→ What is being asked
Please copy the data below exactly, from its first line through the line holding "Originally part of", and skip the pictures.
● ● ● ● ●
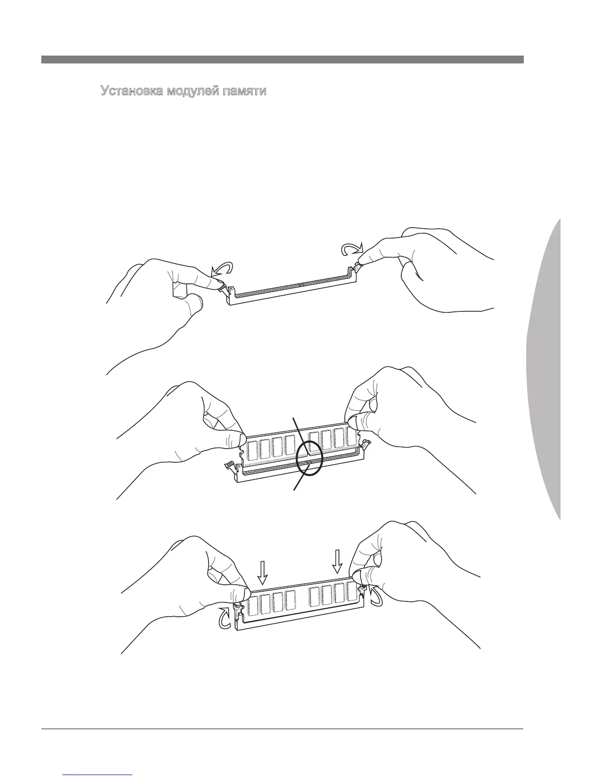 жении модуля памяти в гнезде пластиковые защелки с обеих сторон гнезда
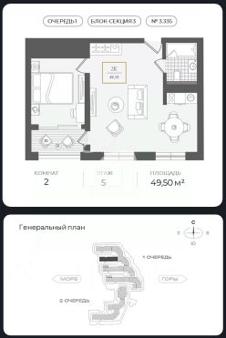 49,5 кв.м (2 комнаты) для семейного отдыха
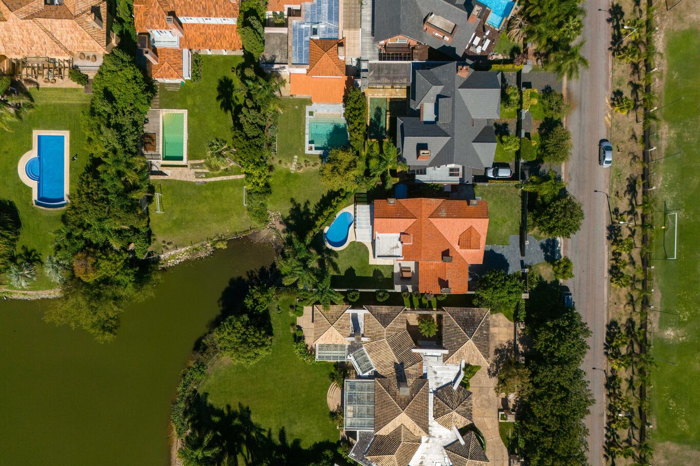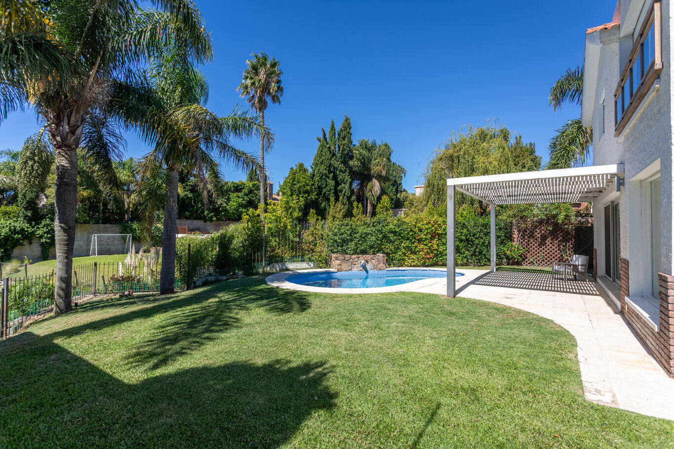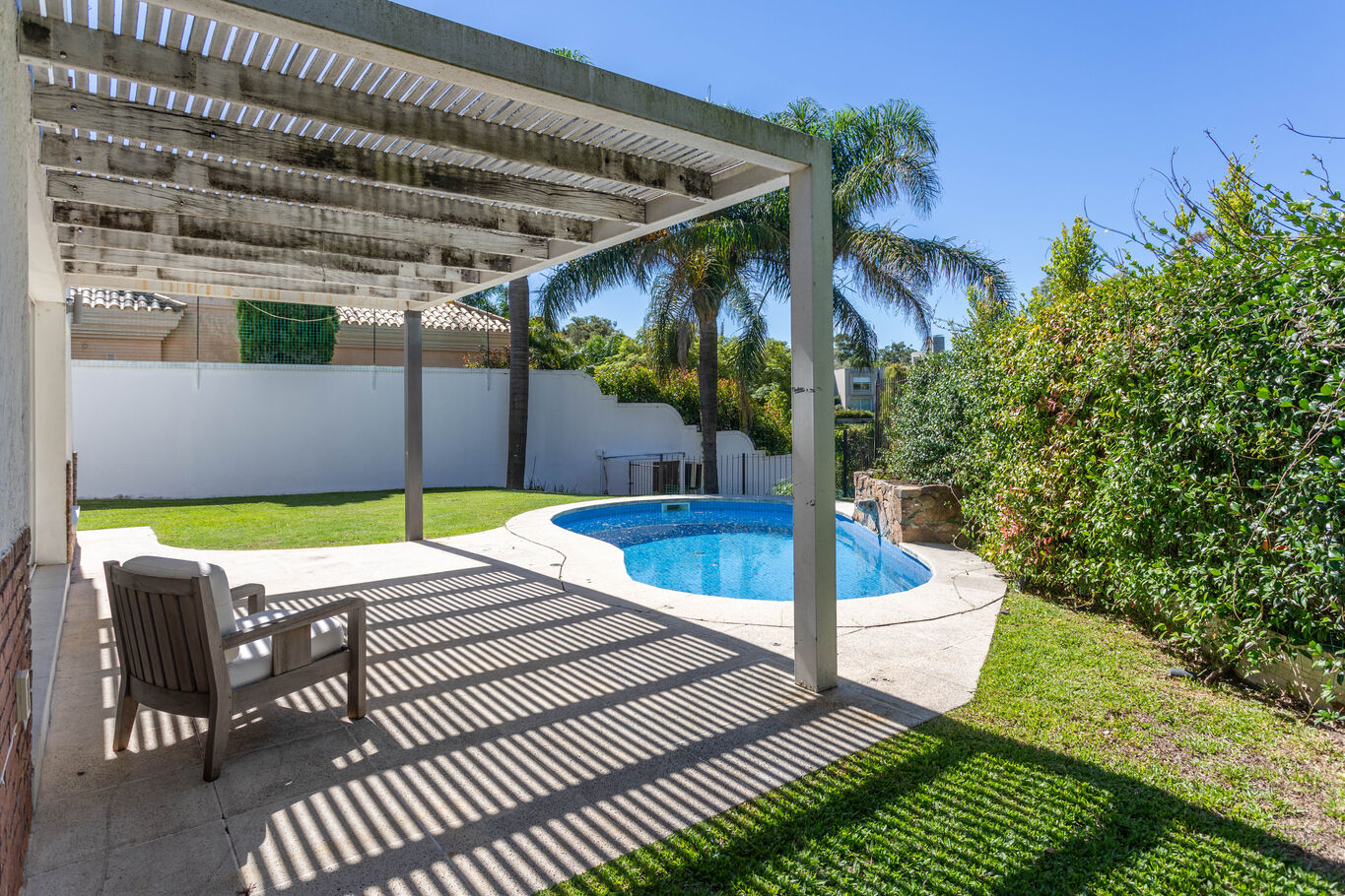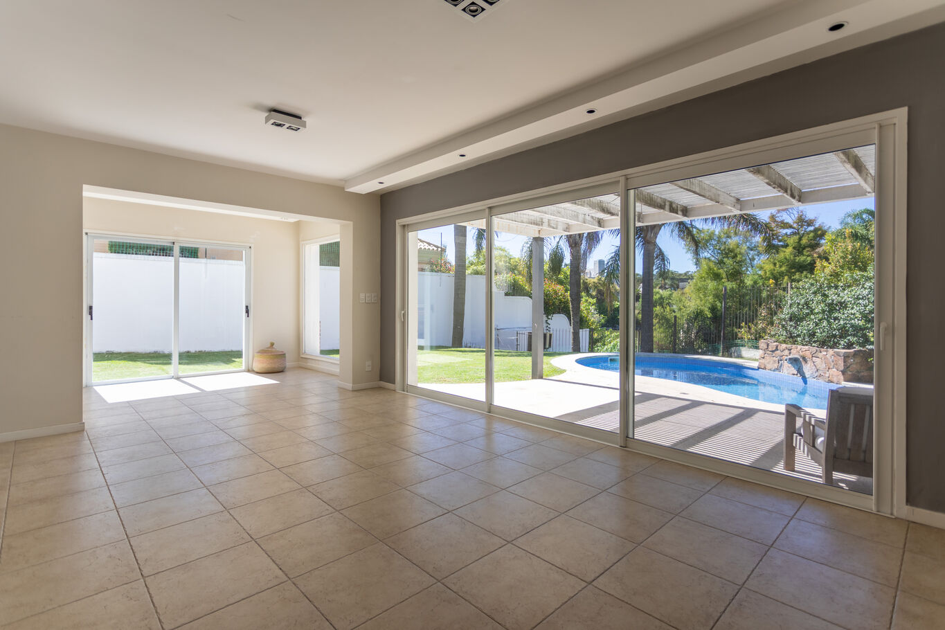 una galería techada que extiende la casa hacia el jardín, piscina y un entorno verde consolidado, con acceso directo al lago, generando un marco único para el día a día.
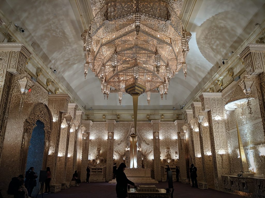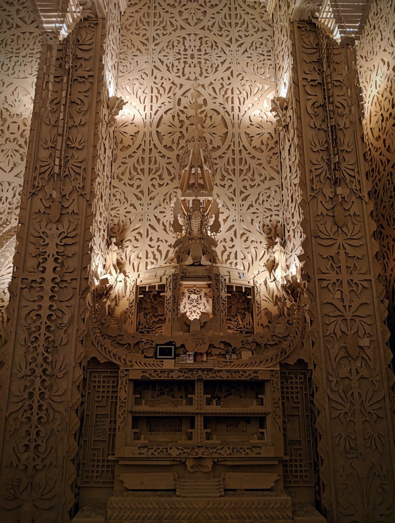 Originally part of the exhibition No Spectators: The Art of Burning Man, this site-specific installation covered the walls with intricately carved raw wood panels that lead to an ornate altar. Wooden placards were provided for visitors to write a personal message and leave within the installation [on show from March 2018 to January 2020].
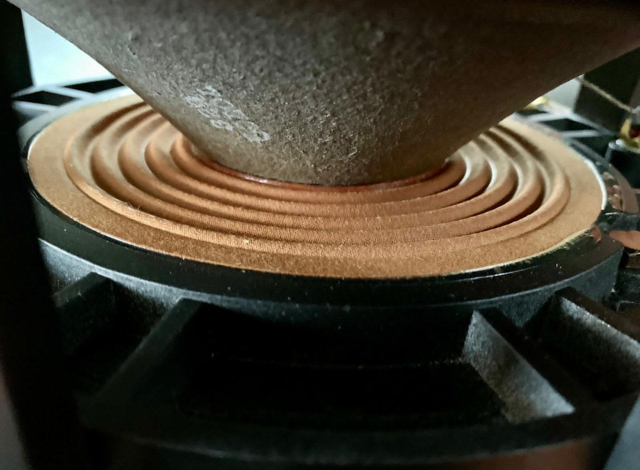Die Staubschutz Kalotte des Lautsprechers oben rechts hat eine kleine Delle.
● ● ● ● ●
→ Result
 жении модуля памяти в гнезде пластиковые защелки с обеих сторон гнезда
 49,5 кв.м (2 комнаты) для семейного отдыха
 una galería techada que extiende la casa hacia el jardín, piscina y un entorno verde consolidado, con acceso directo al lago, generando un marco único para el día a día.
 Originally part of the exhibition No Spectators: The Art of Burning Man, this site-specific installation covered the walls with intricately carved raw wood panels that lead to an ornate altar. Wooden placards were provided for visitors to write a personal message and leave within the installation [on show from March 2018 to January 2020].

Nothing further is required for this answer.